# Question on making ahead jalapenos



## homecook (Aug 30, 2008)

I'm not sure if this is the right place for this question. Please move if need be. I have to make 100 stuffed jalapenos for tomorrow for a cookout at my dd. Here's the recipe.

50 jalapenos, cut in half deseeded and ribs removed (a bunch of sissies)
cream cheese
cajun seasoning
garlic powder

Mix cream cheese, cajun seasoning and garlic powder together. Fill jalapeno halves. Wrap with 1/2 slice bacon. Secure with toothpick.

The question is, can I make these now for tomorrow. Do you think they will get mushy before we get them on the grill?? I usually make them the day of but I've got too much other stuff to make and wanted to save some time. Thanks for your help.

Barb


----------



## pacanis (Aug 30, 2008)

I don't see a problem with it if you stick them in the fridge in a plastic container, or maybe a cookie sheet with plastic wrap over them. I'd do it, but then I'm not a fraternal member of the food police either


----------



## homecook (Aug 30, 2008)

Thanks pacanis! I'll give it a try.

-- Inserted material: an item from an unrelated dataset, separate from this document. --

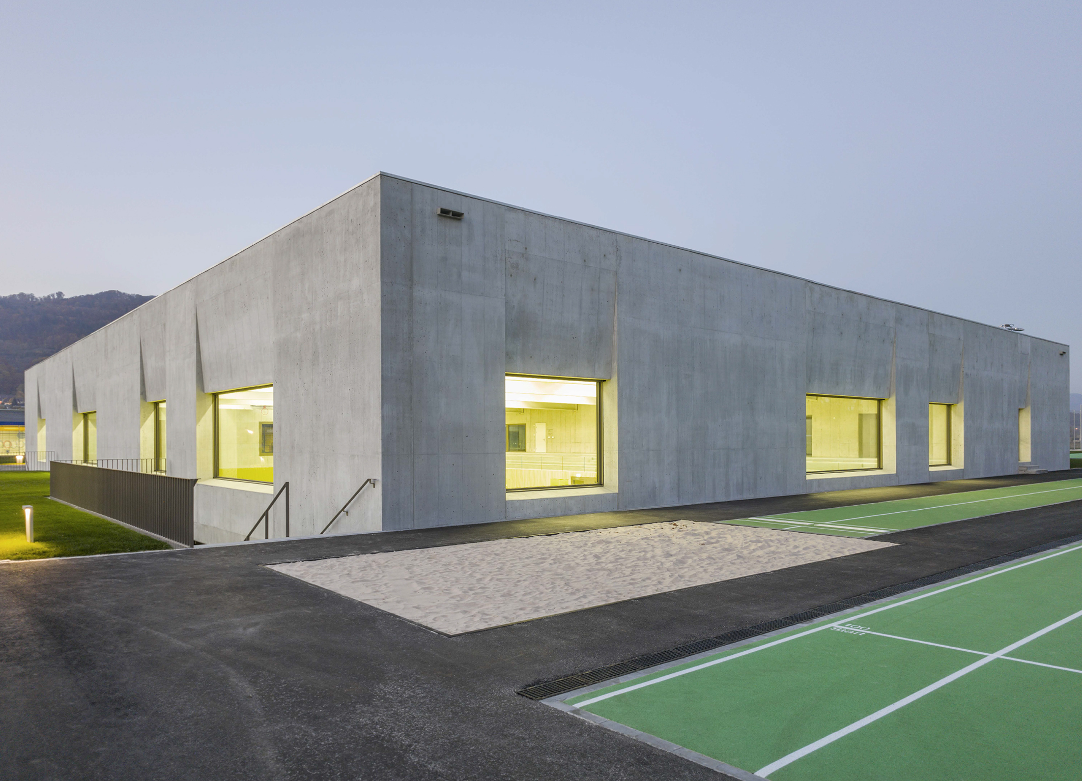 Im schweizerischen Oensingen bildet die Ende 2015 fertiggestellte Multifunktionshalle das neue Herzstück des dortigen Sportareals. Es ist ein quaderförmiger, rund 17.500 Kubikmeter großer Gebäudekubus, der bis zu 3,5 Meter tief ins Erdreich eingegraben ist. Der Bereich unter Terrain weist Normalbetonwände inklusive Außendämmung auf und die Decke wurde als Stahlträgerkonstruktion umgesetzt. Der restliche Teil des Baukörpers besteht dagegen aus einem in heller Sichtbetonoptik gehaltenen Liapor-Leichtbeton, der im schweizerdeutschen Sprachgebrauch auch als Isolations- oder Dämmbeton bezeichnet wird. „Der bewusst archaische, massive und robuste Gebäudecharakter basiert auf der klaren Grundrissstruktur, der Reduktion der Materialien und der massiven Bauweise mit Dämmbeton. Dessen Materialität und Ausführungsqualität prägen das Gebäude und beeinflussen entscheidend das optische Bild des Gebäudes“, erklärt Verena Hellweg als zuständige Architektin der ffbk Architekten AG, die zusammen mit dem Ingenieurbüro BSB+Partner aus Oensingen die Projektierung und Ausführung des Objekts übernahm.

SIL may not even notice, at least I hope not, he's kind of picky about his jalapenos. lol I think once they're on the grill they'll crisp up well enough.

Barb


----------



## Andy M. (Aug 30, 2008)

You shouldn't have a problem doing it the day before.  They won't get soft.


----------



## KissTC (Aug 30, 2008)

As above...No probs. In fact they might even be better because it will allow the flavours to come together...almost like a marinade.


----------



## Michael in FtW (Aug 30, 2008)

homecook said:


> ... The question is, can I make these now for tomorrow? Do you think they will get mushy before we get them on the grill??...


 
IMHO - I see no reason you can't. You're going to stuff them after cutting and seeding - so the cut side will not be exposed to air which might cause them to soften if left unstuffed for a couple of days.


----------



## homecook (Aug 31, 2008)

Thanks everyone. I made them all up and they're in the fridge. I can't wait til we get those on the grill. Yum!

Barb


----------